I make that to be .0003 ohms, why is yours two orders of magnitude higher?

Because AC resistance and DC charging resistance are very different. I didn't actually measure the DC resistance of my cells (yet), but this paper suggests that one should expect DC resistance up to the tens of milliOhms in LFP cells.

 

[Goboatingnow]

Because AC resistance and DC charging resistance are very different. I didn't actually measure the DC resistance of my cells (yet), but this paper suggests that one should expect DC resistance up to the tens of milliOhms in LFP cells.

The internal resistance model for LiFePO4 is very complex and the models are not good either.

Resistance changes by charge rate , temperstute SOC , SOH. Hence picking figures “ out of the air “ for particular situations is rather meaningless
On fact On high fractional C to 2V absorption phase od very short and can be ignored.
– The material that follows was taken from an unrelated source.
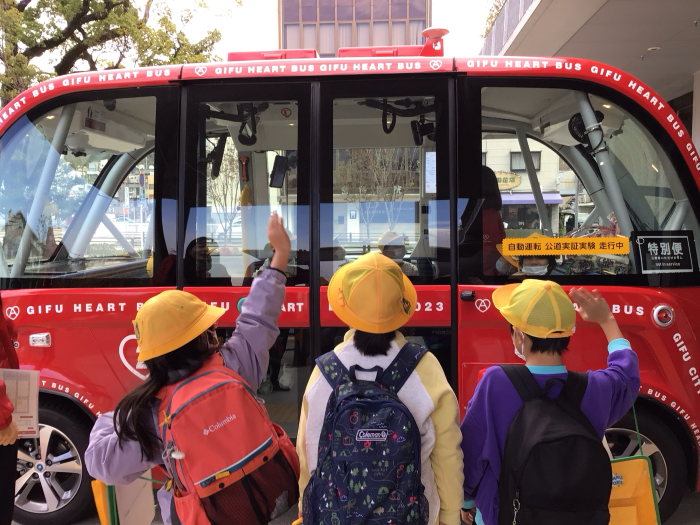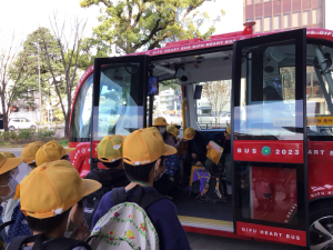 ぎふメディアコスモスや市役所の見学、自動運転バス『GIFU HEART BUS』の乗車体験などをしました。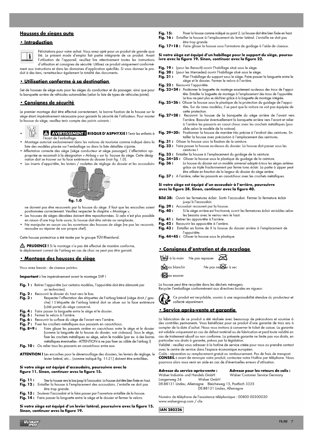- Service après-vente et garantie La fabrication de ce produit a été réalisée avec beaucoup de précautions et soumise à des contrôles permanents. Vous bénéficiez pour ce produit d’une garantie de trois ans à compter de la date d’achat. Nous vous invitons à conserver le ticket de caisse. La garantie est valable uniquement en cas de défaut matériel ou de fabrication et perd toute validité en cas de traitement abusif ou non conforme. La présente garantie ne limite pas vos droits, en particulier vos droits à garantie, prévus par la législation. Validité : veuillez vous adresser à la hotline de service créée pour vous ou prendre contact avec le centre de service dans l’espace économique européen. Coûts : réparation ou remplacement gratuit ou remboursement. Pas de frais de transport. CONSEIL : avant de renvoyer votre produit, contactez notre Hotline par téléphone. Nous pourrons alors vous venir en aide en cas de d’éventuelles erreurs d’utilisation. Adresse du service après-vente : Adresse pour les retours de colis : Walser Industrie- und Handels GmbH Walser Customer Service Germany Langenweg 34 Walser GmbH DE-88131 Lindau, Allemagne Bleicheweg 15, Postfach 3325 DE-88131 Lindau, Allemagne Numéro de téléphone de l’assistance téléphonique : 00800 00300030 www.walsergroup.com / clix IAN 280326 fig. 1.0Article L211-16 du Code de la consommation Lorsque l‘acheteur demande au vendeur, pendant le cours de la garantie commerciale qui lui a été consentie lors de l‘acquisition ou de la réparation d‘un bien meuble, une remise en état couverte par la garantie, toute période d‘immobilisation d‘au moins sept jours vient s‘ajouter à la durée de la garantie qui restait à courir. Cette période court à compter de la demande d‘intervention de l‘acheteur ou de la mise à disposition pour réparation du bien en cause, si cette mise à disposition est postérieure à la demande d‘intervention. Indépendamment de la garantie commerciale souscrite, le vendeur reste tenu des défauts de conformité du bien et des vices rédhibitoires dans les conditions prévues aux articles L211-4 à L211-13 du Code de la consommation et aux articles 1641 à 1648 et 2232 du Code Civil. Article L211-4 du Code de la consommation Le vendeur est tenu de livrer un bien conforme au contrat et répond des défauts de conformité existant lors de la délivrance. Il répond également des défauts de conformité résultant de l‘emballage, des instruc-tions de montage ou de l‘installation lorsque celle-ci a été mise à sa charge par le contrat ou a été réalisée sous sa responsabilité. Article L211-5 du Code de la consommation Pour être conforme au contrat, le bien doit : 1° Etre propre à l‘usage habituellement attendu d‘un bien semblable et, le cas échéant : - correspondre à la description donnée par le vendeur et posséder les qualités que celui- ci a présentées à l‘acheteur sous forme d‘échantillon ou de modèle ; - présenter les qualités qu‘un acheteur peut légitimement attendre eu égard aux déclarations publiques faites par le vendeur, par le producteur ou par son représen- tant, notamment dans la publicité ou l‘étiquetage ; 2° Ou présenter les caractéristiques définies d‘un commun accord par les parties ou être propre à tout usage spécial recherché par l‘acheteur, porté à la connaissance du vendeur et que ce dernier a accepté. Article L211-12 du Code de la consommation L‘action résultant du défaut de conformité se prescrit par deux ans à compter de la dé- livrance du bien. Article 1641 du Code civil Le vendeur est tenu de la garantie à raison des défauts cachés de la chose vendue qui la rendent impropre à l‘usage auquel on la destine, ou qui diminuent tellement cet usa-ge que l‘acheteur ne l‘aurait pas acquise, ou n‘en aurait donné qu‘un moindre prix, s‘il les avait connus. Article 1648 1er alinéa du Code civil L‘action résultant des vices rédhibitoires doit être intentée par l‘acquéreur dans un délai de deux ans à compter de la découverte du vice. Les pièces détachées indispensables à l’utilisation du produit sont disponibles pendant la durée de la garantie du produit. FR/BE 8NL/BE 9 Set autostoelbekledingen

Simple voltage charge termination cutoff is a good a metric.

 

[justgary]

Keep in mind also that DC resistance is rather dynamic depending on SOC and charge/discharge current. What we are discussing here is the resistance that the cells exhibit when they are full and you attempt to keep charging them.

I can't directly support my use of 24 mΩ except that it does correlate well with Eve's recommended charge cutoff at 3.65v (0.05C).